Records drawn from a dataset:
——————————

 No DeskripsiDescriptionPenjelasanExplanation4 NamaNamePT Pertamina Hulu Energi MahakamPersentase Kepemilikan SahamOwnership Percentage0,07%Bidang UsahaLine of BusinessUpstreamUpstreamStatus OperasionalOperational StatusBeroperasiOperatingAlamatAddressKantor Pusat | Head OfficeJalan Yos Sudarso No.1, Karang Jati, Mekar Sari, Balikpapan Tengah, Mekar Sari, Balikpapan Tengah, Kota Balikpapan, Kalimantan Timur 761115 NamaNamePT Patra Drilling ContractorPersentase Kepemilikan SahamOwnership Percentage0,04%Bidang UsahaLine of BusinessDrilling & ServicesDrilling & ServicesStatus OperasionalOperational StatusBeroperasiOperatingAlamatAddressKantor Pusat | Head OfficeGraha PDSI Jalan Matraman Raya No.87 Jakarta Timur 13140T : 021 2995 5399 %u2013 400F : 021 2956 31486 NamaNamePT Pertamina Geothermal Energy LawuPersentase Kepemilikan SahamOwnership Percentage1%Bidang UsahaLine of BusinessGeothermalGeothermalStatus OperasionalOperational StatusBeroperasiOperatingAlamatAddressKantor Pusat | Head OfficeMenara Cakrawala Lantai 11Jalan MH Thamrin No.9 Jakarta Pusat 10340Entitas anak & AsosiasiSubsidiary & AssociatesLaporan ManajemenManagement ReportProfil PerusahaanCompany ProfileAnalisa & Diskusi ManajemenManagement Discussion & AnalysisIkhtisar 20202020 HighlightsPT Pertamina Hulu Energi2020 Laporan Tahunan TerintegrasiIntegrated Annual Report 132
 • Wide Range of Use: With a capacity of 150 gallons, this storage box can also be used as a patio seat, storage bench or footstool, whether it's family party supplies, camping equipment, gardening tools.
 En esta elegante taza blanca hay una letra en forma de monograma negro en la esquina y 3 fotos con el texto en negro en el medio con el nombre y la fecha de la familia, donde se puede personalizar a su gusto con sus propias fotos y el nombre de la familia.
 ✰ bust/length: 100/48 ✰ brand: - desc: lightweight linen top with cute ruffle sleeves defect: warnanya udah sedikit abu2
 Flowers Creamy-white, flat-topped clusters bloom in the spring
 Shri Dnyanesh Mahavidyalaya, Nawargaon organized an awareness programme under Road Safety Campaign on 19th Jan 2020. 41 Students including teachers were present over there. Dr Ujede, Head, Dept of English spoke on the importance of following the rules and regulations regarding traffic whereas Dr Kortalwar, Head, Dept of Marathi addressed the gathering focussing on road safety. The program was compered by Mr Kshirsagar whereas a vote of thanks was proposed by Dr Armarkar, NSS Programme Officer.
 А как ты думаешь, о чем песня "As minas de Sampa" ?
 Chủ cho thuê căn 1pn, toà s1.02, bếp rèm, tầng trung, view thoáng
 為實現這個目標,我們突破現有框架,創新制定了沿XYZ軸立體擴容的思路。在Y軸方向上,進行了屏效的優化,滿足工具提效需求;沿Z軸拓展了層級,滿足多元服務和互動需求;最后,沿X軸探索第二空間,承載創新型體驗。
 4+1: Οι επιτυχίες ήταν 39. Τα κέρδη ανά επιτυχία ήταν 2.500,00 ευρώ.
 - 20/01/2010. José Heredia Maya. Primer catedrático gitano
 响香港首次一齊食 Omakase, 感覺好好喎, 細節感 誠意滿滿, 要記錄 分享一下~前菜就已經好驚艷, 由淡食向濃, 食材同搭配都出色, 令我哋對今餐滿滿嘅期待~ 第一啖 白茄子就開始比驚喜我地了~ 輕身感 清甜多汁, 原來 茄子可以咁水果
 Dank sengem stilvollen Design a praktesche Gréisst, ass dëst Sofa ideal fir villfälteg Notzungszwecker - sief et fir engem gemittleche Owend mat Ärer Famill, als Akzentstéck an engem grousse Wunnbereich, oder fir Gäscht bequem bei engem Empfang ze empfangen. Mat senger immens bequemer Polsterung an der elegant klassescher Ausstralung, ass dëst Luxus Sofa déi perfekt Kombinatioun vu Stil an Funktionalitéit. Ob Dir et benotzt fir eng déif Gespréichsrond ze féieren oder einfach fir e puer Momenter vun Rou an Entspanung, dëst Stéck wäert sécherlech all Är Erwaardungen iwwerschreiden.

——————————

Work to be completed:
Start copying at the line that contains "- 20/01/2010. José" and stop after the last line of the records, keeping every line exactly.

Solved problem:
 - 20/01/2010. José Heredia Maya. Primer catedrático gitano
 响香港首次一齊食 Omakase, 感覺好好喎, 細節感 誠意滿滿, 要記錄 分享一下~前菜就已經好驚艷, 由淡食向濃, 食材同搭配都出色, 令我哋對今餐滿滿嘅期待~ 第一啖 白茄子就開始比驚喜我地了~ 輕身感 清甜多汁, 原來 茄子可以咁水果
 Dank sengem stilvollen Design a praktesche Gréisst, ass dëst Sofa ideal fir villfälteg Notzungszwecker - sief et fir engem gemittleche Owend mat Ärer Famill, als Akzentstéck an engem grousse Wunnbereich, oder fir Gäscht bequem bei engem Empfang ze empfangen. Mat senger immens bequemer Polsterung an der elegant klassescher Ausstralung, ass dëst Luxus Sofa déi perfekt Kombinatioun vu Stil an Funktionalitéit. Ob Dir et benotzt fir eng déif Gespréichsrond ze féieren oder einfach fir e puer Momenter vun Rou an Entspanung, dëst Stéck wäert sécherlech all Är Erwaardungen iwwerschreiden.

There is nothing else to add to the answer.